Large Language Models (LLMs) have become remarkably adept at complex reasoning through a technique called Chain-of-Thought (CoT)—a step-by-step process where the model generates discrete reasoning tokens much like how a person thinks through a problem. However, this approach is inherently rigid: at each step, the model must commit to a single token from its vocabulary.
What if that very rigidity limits its ability to explore abstract or nuanced ideas? What if reasoning could flow more fluidly across possibilities, rather than snapping to one discrete choice at a time?
That question inspires the soft-thinking paradigm—a mode of reasoning where an LLM uses continuous “soft tokens,” each representing a weighted average of multiple possible token embeddings. This approach lets the model hold multiple hypotheses simultaneously, opening doors to richer, more flexible reasoning.
But soft-thinking comes with a catch. Reinforcement Learning (RL), which has propelled discrete token reasoning to new heights, performs poorly when applied to soft tokens. Algorithms like Group Relative Policy Optimization (GRPO), which reward successful reasoning trajectories, cannot easily handle the continuous stochastic space of soft-thinking.
Enter SofT-GRPO, a breakthrough algorithm that successfully extends GRPO into the soft-thinking world. By injecting controlled randomness through Gumbel noise and leveraging the Gumbel reparameterization trick, SofT-GRPO achieves what earlier approaches could not—it enables LLMs trained on soft-thinking to outperform their discrete-token counterparts.
In this deep dive, we’ll unpack how SofT-GRPO reshapes reinforcement learning for LLMs, covering:
- How discrete-token GRPO works and its limitations
- Why previous RL attempts for soft-thinking failed
- How SofT-GRPO uses Gumbel noise and reparameterization to overcome these barriers
- The experimental results showing SofT-GRPO’s superior accuracy and robustness
Let’s start with how reasoning traditionally works in discrete space.
From Discrete Steps to Soft Thoughts
The World of Discrete Tokens: CoT and GRPO
When given a problem—say a math question—an LLM does not simply guess the answer. It first produces a Chain-of-Thought, \( \mathbf{R} = (r_1, r_2, \ldots, r_T) \), a token-by-token reasoning sequence leading to the final answer \( \mathbf{A} \). Each token comes from its vocabulary, and the probability of generating the entire sequence is the product of probabilities of generating each token conditioned on the previous ones.
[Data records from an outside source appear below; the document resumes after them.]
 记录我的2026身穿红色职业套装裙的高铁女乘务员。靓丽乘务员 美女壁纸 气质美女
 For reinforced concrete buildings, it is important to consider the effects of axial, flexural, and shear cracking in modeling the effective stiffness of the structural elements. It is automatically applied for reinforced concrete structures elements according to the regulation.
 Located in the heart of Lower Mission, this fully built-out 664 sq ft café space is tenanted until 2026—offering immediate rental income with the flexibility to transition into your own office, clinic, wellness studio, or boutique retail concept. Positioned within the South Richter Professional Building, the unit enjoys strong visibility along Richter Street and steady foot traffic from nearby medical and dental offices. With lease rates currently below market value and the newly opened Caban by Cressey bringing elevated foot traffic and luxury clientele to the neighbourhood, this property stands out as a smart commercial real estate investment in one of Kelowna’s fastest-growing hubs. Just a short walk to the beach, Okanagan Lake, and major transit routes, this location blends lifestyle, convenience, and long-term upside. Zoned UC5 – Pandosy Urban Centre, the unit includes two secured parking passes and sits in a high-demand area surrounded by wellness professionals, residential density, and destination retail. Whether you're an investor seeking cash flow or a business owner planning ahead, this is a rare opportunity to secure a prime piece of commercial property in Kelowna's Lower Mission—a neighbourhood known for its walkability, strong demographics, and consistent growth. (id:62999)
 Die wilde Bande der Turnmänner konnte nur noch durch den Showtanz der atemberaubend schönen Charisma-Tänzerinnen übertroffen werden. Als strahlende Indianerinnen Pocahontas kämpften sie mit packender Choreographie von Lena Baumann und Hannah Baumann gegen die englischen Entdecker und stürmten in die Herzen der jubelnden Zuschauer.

“Illustration of how discrete Chain-of-Thought tokens are generated step-by-step from model probabilities.”
To enhance this reasoning process, Reinforcement Learning with Verifiable Rewards (RLVR) is used. The objective is simple: let the model try multiple reasoning paths and reward correct ones. A leading algorithm here is Group Relative Policy Optimization (GRPO).
GRPO generates a group of \( G \) reasoning trajectories for each query through multinomial sampling, exploring different reasoning paths that lead to varied rewards.
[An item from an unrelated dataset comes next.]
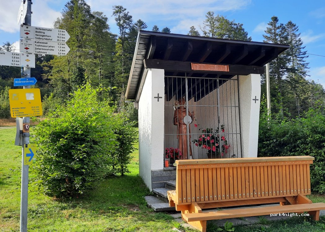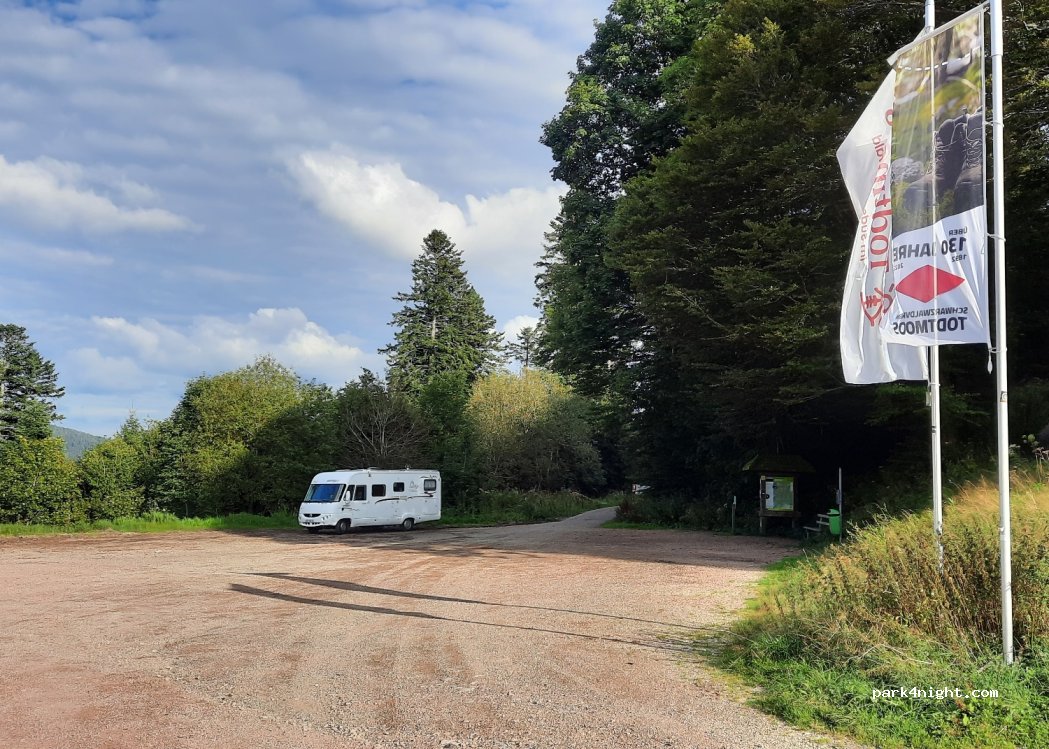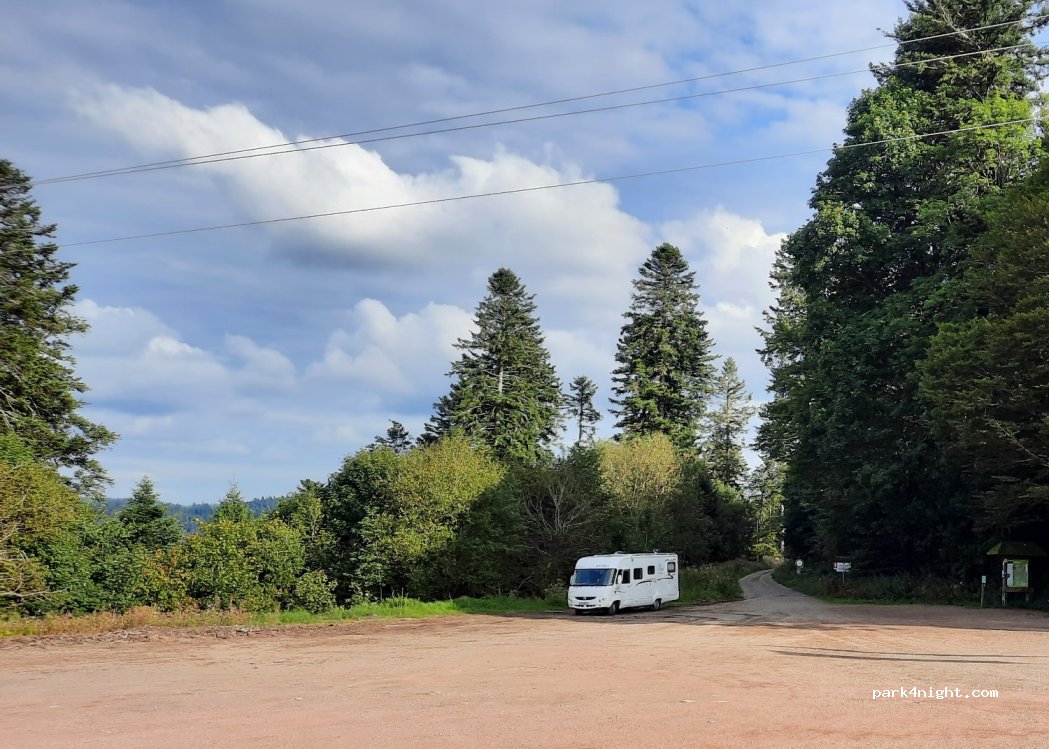 L'endroit est correct, bien dégagé mais c'est un lieu isolé, ce que certains redoutent pour passer la nuit sur ce genre de parking. Altitude 992 m, on respire... surtout après une ascension assez sévère compte-tenu des poids-lourds à croiser. Excellente base pour balader en forêt. TV-satellite depuis le bas du parking en bordure de route compte-tenu des arbres. Un coin nature sans plus !

“Group rollout in GRPO: multiple discrete CoT trajectories are sampled to encourage diverse exploration.”
Each trajectory receives a reward—such as 1 if the answer is correct, 0 otherwise. GRPO computes an advantage that measures how a trajectory’s performance compares to its peers. The model increases the probability of higher-advantage trajectories and decreases that of lower ones through a gradient-based update.

“The GRPO objective balances exploration and exploitation via trajectory advantages and clipping.”
This policy optimization delivers powerful performance boosts—but it depends on explicit token-level probabilities. Once we replace discrete tokens with continuous soft ones, this framework breaks down.
The Soft-Thinking Paradigm
Soft-thinking abandons the idea of picking a single word at each step. Instead, it constructs a “soft token” \( s_t \) as a weighted sum of token embeddings, where the weights correspond to their predicted probabilities.

“A soft token \( s_t \) is computed as the expectation of token embeddings under their probability distribution.”
Formally:
\[ s_t = \sum_i p_i e_i, \]where \( e_i \in \mathbb{R}^d \) is the embedding of token i and \( p_i \in [0,1] \) its probability. This continuous representation lets the model express vague or mixed concepts invisible to simple tokenization—a way to “think in between words.”
To add meaningful variability, researchers turn to the Gumbel-Softmax technique, which inserts random noise into the log-probabilities before forming the weighted sum. This adds stochasticity while maintaining a valid token mixture.

“Gumbel-Softmax introduces controlled randomness, enabling the model to explore multiple soft reasoning paths.”
Yet even with Gumbel-Softmax, applying RL directly to these soft tokens remains extremely difficult. The challenge lies in attributing continuous rewards back to the token probabilities correctly.
The Bottleneck: Why RL Struggled with Soft-Thinking
A prior approach by Butt et al. (2025) introduced Gaussian noise directly to the embedding vector \( s_t \), creating a perturbed token \( \hat{s}_t \).

“Soft token perturbation by adding Gaussian noise for exploration.”
The policy update then computed gradients based on the distance between \( s_t \) and \( \hat{s}_t \).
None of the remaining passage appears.